■ **WORK ORDER**: Give back exactly the lines of the material below that start at the line containing "本体×1、リアカメラ×1、リ" and end at the line containing "UPDATE: 12 months", and no others.

[[ MATERIALS PROVIDED open ]]

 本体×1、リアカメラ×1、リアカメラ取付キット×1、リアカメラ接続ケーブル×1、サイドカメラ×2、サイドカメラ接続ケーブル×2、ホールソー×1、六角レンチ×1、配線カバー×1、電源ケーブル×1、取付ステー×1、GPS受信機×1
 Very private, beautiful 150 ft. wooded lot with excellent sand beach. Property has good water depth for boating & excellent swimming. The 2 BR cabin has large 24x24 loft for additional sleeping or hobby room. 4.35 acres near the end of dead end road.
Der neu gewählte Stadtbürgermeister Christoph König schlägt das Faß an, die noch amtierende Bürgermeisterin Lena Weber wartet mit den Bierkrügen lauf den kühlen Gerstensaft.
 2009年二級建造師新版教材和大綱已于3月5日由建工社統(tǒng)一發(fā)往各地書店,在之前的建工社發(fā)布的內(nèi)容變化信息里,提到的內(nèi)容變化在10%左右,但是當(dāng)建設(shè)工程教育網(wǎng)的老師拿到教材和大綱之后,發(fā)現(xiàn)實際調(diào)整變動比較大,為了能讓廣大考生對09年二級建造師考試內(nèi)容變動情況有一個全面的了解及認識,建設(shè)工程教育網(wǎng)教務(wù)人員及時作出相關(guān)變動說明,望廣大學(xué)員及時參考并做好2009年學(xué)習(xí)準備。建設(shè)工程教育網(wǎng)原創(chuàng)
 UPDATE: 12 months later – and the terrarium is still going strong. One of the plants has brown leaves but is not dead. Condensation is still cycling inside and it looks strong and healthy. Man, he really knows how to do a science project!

[[ MATERIALS PROVIDED closed ]]
[[ MATERIALS PROVIDED open ]]

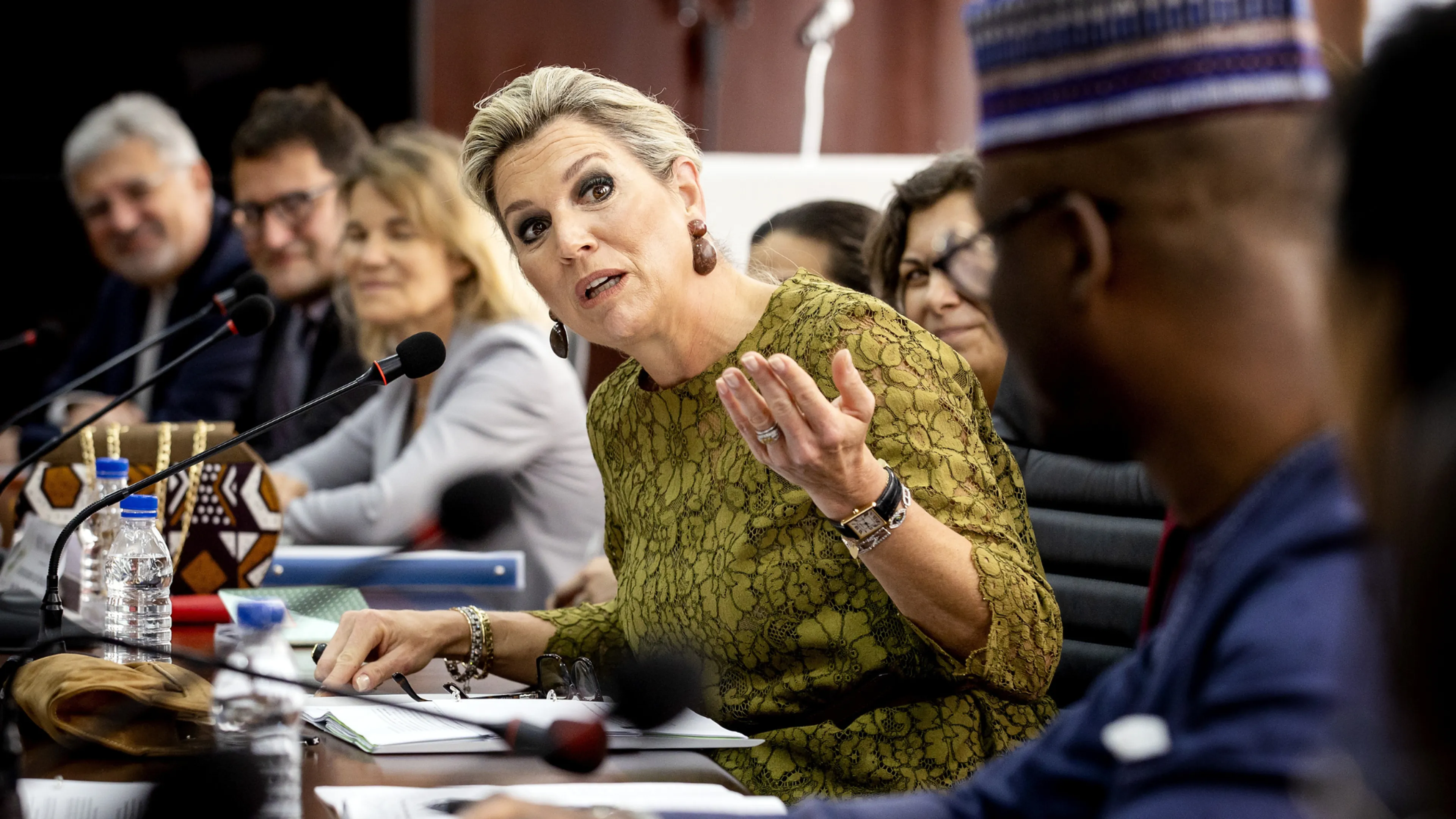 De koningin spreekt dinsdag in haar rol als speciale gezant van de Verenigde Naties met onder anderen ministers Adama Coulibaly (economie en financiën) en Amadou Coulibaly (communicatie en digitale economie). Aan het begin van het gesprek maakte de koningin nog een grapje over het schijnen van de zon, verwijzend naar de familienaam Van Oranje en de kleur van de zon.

[[ MATERIALS PROVIDED closed ]]

■ **ANSWER FOR THIS EXERCISE**:
 本体×1、リアカメラ×1、リアカメラ取付キット×1、リアカメラ接続ケーブル×1、サイドカメラ×2、サイドカメラ接続ケーブル×2、ホールソー×1、六角レンチ×1、配線カバー×1、電源ケーブル×1、取付ステー×1、GPS受信機×1
 Very private, beautiful 150 ft. wooded lot with excellent sand beach. Property has good water depth for boating & excellent swimming. The 2 BR cabin has large 24x24 loft for additional sleeping or hobby room. 4.35 acres near the end of dead end road.
Der neu gewählte Stadtbürgermeister Christoph König schlägt das Faß an, die noch amtierende Bürgermeisterin Lena Weber wartet mit den Bierkrügen lauf den kühlen Gerstensaft.
 2009年二級建造師新版教材和大綱已于3月5日由建工社統(tǒng)一發(fā)往各地書店,在之前的建工社發(fā)布的內(nèi)容變化信息里,提到的內(nèi)容變化在10%左右,但是當(dāng)建設(shè)工程教育網(wǎng)的老師拿到教材和大綱之后,發(fā)現(xiàn)實際調(diào)整變動比較大,為了能讓廣大考生對09年二級建造師考試內(nèi)容變動情況有一個全面的了解及認識,建設(shè)工程教育網(wǎng)教務(wù)人員及時作出相關(guān)變動說明,望廣大學(xué)員及時參考并做好2009年學(xué)習(xí)準備。建設(shè)工程教育網(wǎng)原創(chuàng)
 UPDATE: 12 months later – and the terrarium is still going strong. One of the plants has brown leaves but is not dead. Condensation is still cycling inside and it looks strong and healthy. Man, he really knows how to do a science project!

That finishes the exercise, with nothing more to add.